# French TGV derails on test... 5 killed.



## caravanman (Nov 14, 2015)

More sad news from France... 

http://www.bbc.co.uk/news/world-europe-34822666

Ed.


----------



## CHamilton (Nov 14, 2015)

French High-Speed Train Derails Close To German Border


----------



## jis (Nov 15, 2015)

It looks like there were some irregularities in the test run. It has come out that there were some children on the train out for a joy ride. SNCF has said that this is against the policies of the railway.

http://news.yahoo.com/fatal-french-high-speed-test-train-had-children-112513900.html

There is speculation that the derailment was due to excessive speed on a curve. Some leaks from the investigations appear to say that the train was traveling at upto 350kph (217mph) when it derailed. Considering the speed at which it derailed if this proves to be correct after the black boxes are read and analyzed, it would be rpetty remarkable for only 11 of the 40 odd people aboard to have been killed.

The segment on which the derailment took place was not in service yet and possibly automatic train control systems were inoperative at the time of the accident. Again, something that we will have to wait for the investigations to establish. This segment was supposed to be put into service in April 2016, which may now be delayed. This segment when in full operation is supposed to have two parallel automatic train controls systems, the French standard TVM430 and the European standard ERTMS 2, as is the case with the LGV Est Phase 1 between Paris and Baudrecourt.

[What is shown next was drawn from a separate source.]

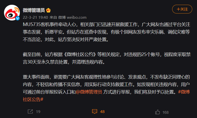 3月21日,“微博管理員”表示, MU5735 客機事件牽動人心,相關部門已迅速開展救援工作,廣大網友也通過平臺關注事態(tài)發(fā)展,祈愿平安。但站方在巡查中發(fā)現,有極個別網友發(fā)布幸災樂禍、調侃災難等不當言論,對此,站方堅決反對并嚴肅處置。
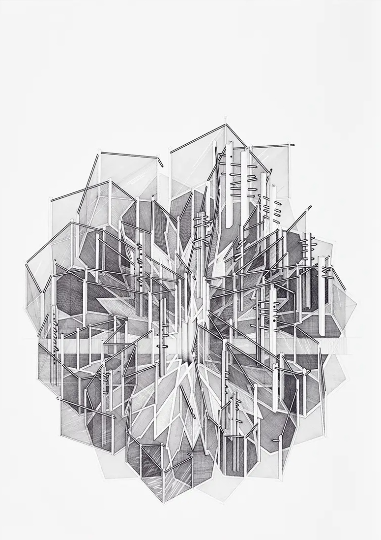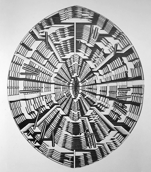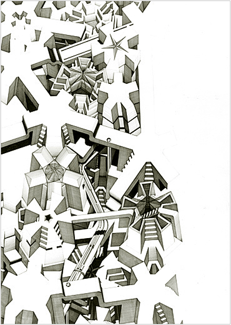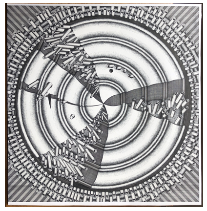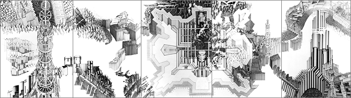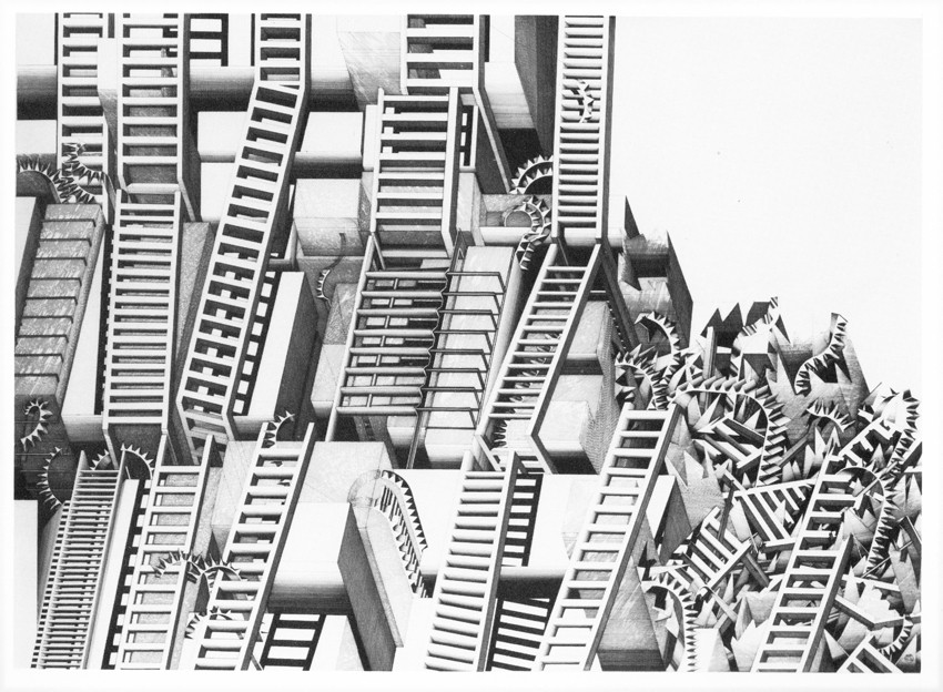 Pen & Ink on PaperThe Iron Siege of Pavia 1973-75 Pen & Ink on Paper 144 x 510cm (Five panels, each 144 x 102cm)Ottoman Series: No 1 1974 Pen & Ink on Paper 50 x 50cmFountains of Suleimein from Ottoman Series 1974 Pen & Ink on Paper 50 x 50cmUntitled No II – Seven Citadels Series 1974 Pen & Ink on Paper 70 x 50cmMuqarna 1

The train consist involved appears to be next generation TGV Duplex There does nit appear to be anything in common between what Alstom has bid for the Acela II RFP and these train sets. What has been offered to Amtrak would be similar but not identical to something like this.


----------



## CHamilton (Nov 19, 2015)

Late braking caused TGV derailment, says SNCF


----------



## caravanman (Nov 19, 2015)

Seems like they were having a party in the driving cab, rather than concentrating on the track... 

Ed.


----------



## jis (Nov 19, 2015)

Like SEVEN people in the cab? Really? And while operating with no overspeed protection on? What the heck were they thinking? Or I guess they were not.


----------



## norfolkwesternhenry (Jul 14, 2016)

it's been a while, has a report been issued?


----------